AIM OF THE TASK —
Repeat every entry exactly. Pictures stay out.

[Start of section]

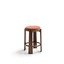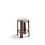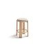 Wygodne, okrągłe siedzisko hokera obito tkaniną szenilową o wyraźnej strukturze. Materiał to poliester z recyklingu, pochodzący od dostawcy z certyfikatem Global Recycled Standard, co gwarantuje mniejsze zużycie zasobów i surowców pierwotnych. Dodatkowo tkanina posiada certyfikat OEKO-TEX® STANDARD 100, świadczący o ekologicznie bezpiecznej i odpowiedzialnej produkcji.
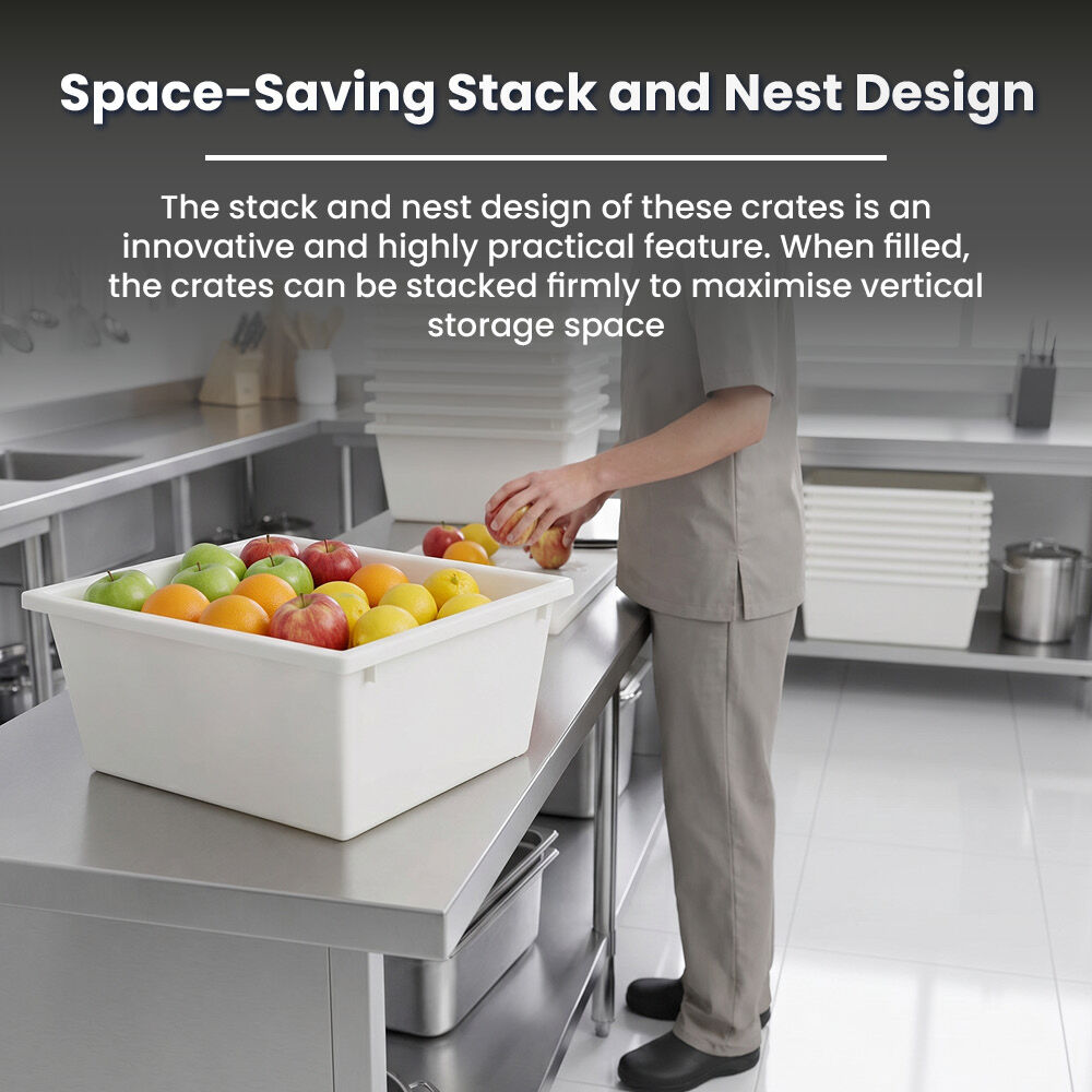 - Stack and nest design – Saves valuable storage space.
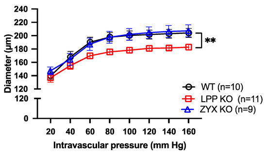 Passive pressure–diameter curves of 3rd-order MA segments isolated from WT, LPP-KO or ZYX-KO mice. The curves were generated in Ca2+-free physiological saline solution in the presence of EGTA. The number of isolated perfused segments derived from individual mice is indicated on the graph. ** p ˂ 0.01 as indicated.
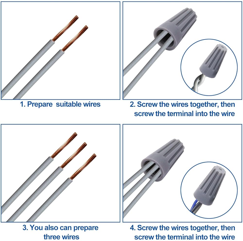 Easy and Quick to Use: The wirenuts are perfect to connect wries without soldering, just insert the stripped conductors into the wire cap, then screw the terminal into the wire.
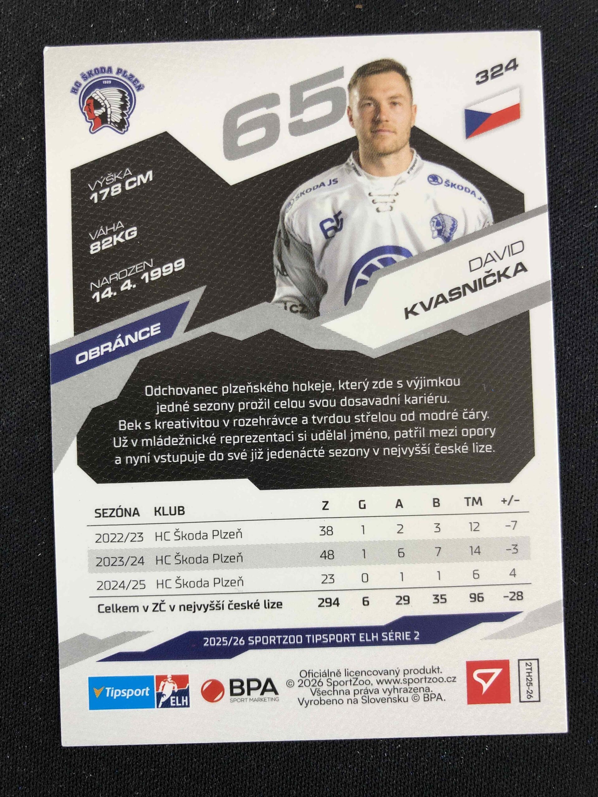 Sběratelská karta 2025/2026 Sportzoo Serie 2 Azure Blue 324 David Kvasnička Paralel
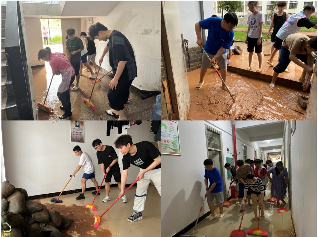 快速处置,彰显党员担当。汛期来临时,七号公寓的生活老师周雄莺在19级党员群发出号召,清扫七号公寓积水,支援六号公寓。学生党员薛航积极响应,第一时间与其他同学抵达现场。他说:当时在现场没有想太多,我觉得公寓就是我们的第二个家,现在需要我们自己帮助自己的家,我们义不容辞,积极投身于工作当中,清除淤泥,扫出积水。信息工程学院刘杭同学表示,“我也选择了参与其中,毕竟这是属于我们的集体利益,而且学校领导也在第一时间和同学们共渡难关,从凌晨开始公寓老师连夜陪我们一起解决困难。
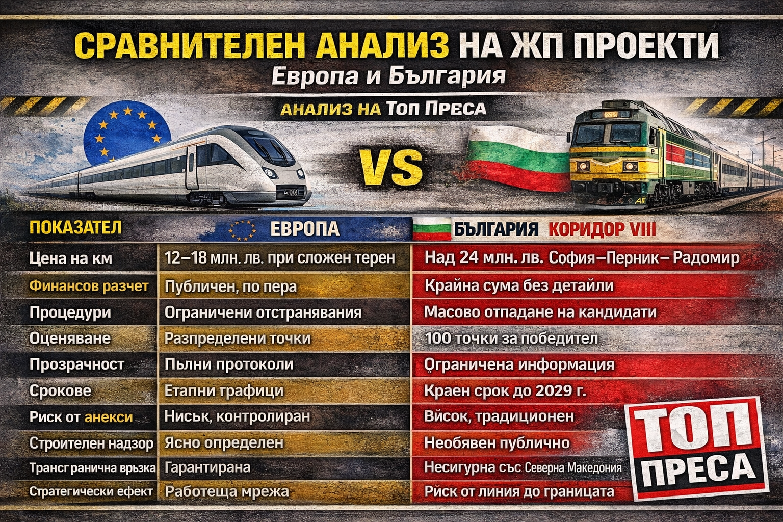 Железният път към Европа не минава само през тунели и мостове. Минава през прозрачност, контрол и ясни отговори. Докато те липсват, Коридор VIII остава проект с голям бюджет и неясен финал. Топ Преса ще продължи да следи. Защото общественият интерес не приключва с подписването на договор.
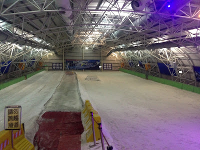 小叮噹滑雪場基本上是一個室內的人造雪滑雪場,不論一年四季天氣好壞都可以滑雪,雪況及雪質比日本的人造雪都還硬,比較接近韓國雪場的人造雪況。可大致上分為兩區,基本上西側區(35~45%)遊憩區主要為滑冰梯及輪胎區,東側區(55~65%)全山都是綠線,有1~2跳台穿插其中。雪場沒有T-bar或是纜車,上坡都需要拆板子用走路的。雪道介紹

[End of section]

ANSWER FOR THIS EXERCISE —
 Wygodne, okrągłe siedzisko hokera obito tkaniną szenilową o wyraźnej strukturze. Materiał to poliester z recyklingu, pochodzący od dostawcy z certyfikatem Global Recycled Standard, co gwarantuje mniejsze zużycie zasobów i surowców pierwotnych. Dodatkowo tkanina posiada certyfikat OEKO-TEX® STANDARD 100, świadczący o ekologicznie bezpiecznej i odpowiedzialnej produkcji.
 - Stack and nest design – Saves valuable storage space.
 Passive pressure–diameter curves of 3rd-order MA segments isolated from WT, LPP-KO or ZYX-KO mice. The curves were generated in Ca2+-free physiological saline solution in the presence of EGTA. The number of isolated perfused segments derived from individual mice is indicated on the graph. ** p ˂ 0.01 as indicated.
 Easy and Quick to Use: The wirenuts are perfect to connect wries without soldering, just insert the stripped conductors into the wire cap, then screw the terminal into the wire.
 Sběratelská karta 2025/2026 Sportzoo Serie 2 Azure Blue 324 David Kvasnička Paralel
 快速处置,彰显党员担当。汛期来临时,七号公寓的生活老师周雄莺在19级党员群发出号召,清扫七号公寓积水,支援六号公寓。学生党员薛航积极响应,第一时间与其他同学抵达现场。他说:当时在现场没有想太多,我觉得公寓就是我们的第二个家,现在需要我们自己帮助自己的家,我们义不容辞,积极投身于工作当中,清除淤泥,扫出积水。信息工程学院刘杭同学表示,“我也选择了参与其中,毕竟这是属于我们的集体利益,而且学校领导也在第一时间和同学们共渡难关,从凌晨开始公寓老师连夜陪我们一起解决困难。
 Железният път към Европа не минава само през тунели и мостове. Минава през прозрачност, контрол и ясни отговори. Докато те липсват, Коридор VIII остава проект с голям бюджет и неясен финал. Топ Преса ще продължи да следи. Защото общественият интерес не приключва с подписването на договор.
 小叮噹滑雪場基本上是一個室內的人造雪滑雪場,不論一年四季天氣好壞都可以滑雪,雪況及雪質比日本的人造雪都還硬,比較接近韓國雪場的人造雪況。可大致上分為兩區,基本上西側區(35~45%)遊憩區主要為滑冰梯及輪胎區,東側區(55~65%)全山都是綠線,有1~2跳台穿插其中。雪場沒有T-bar或是纜車,上坡都需要拆板子用走路的。雪道介紹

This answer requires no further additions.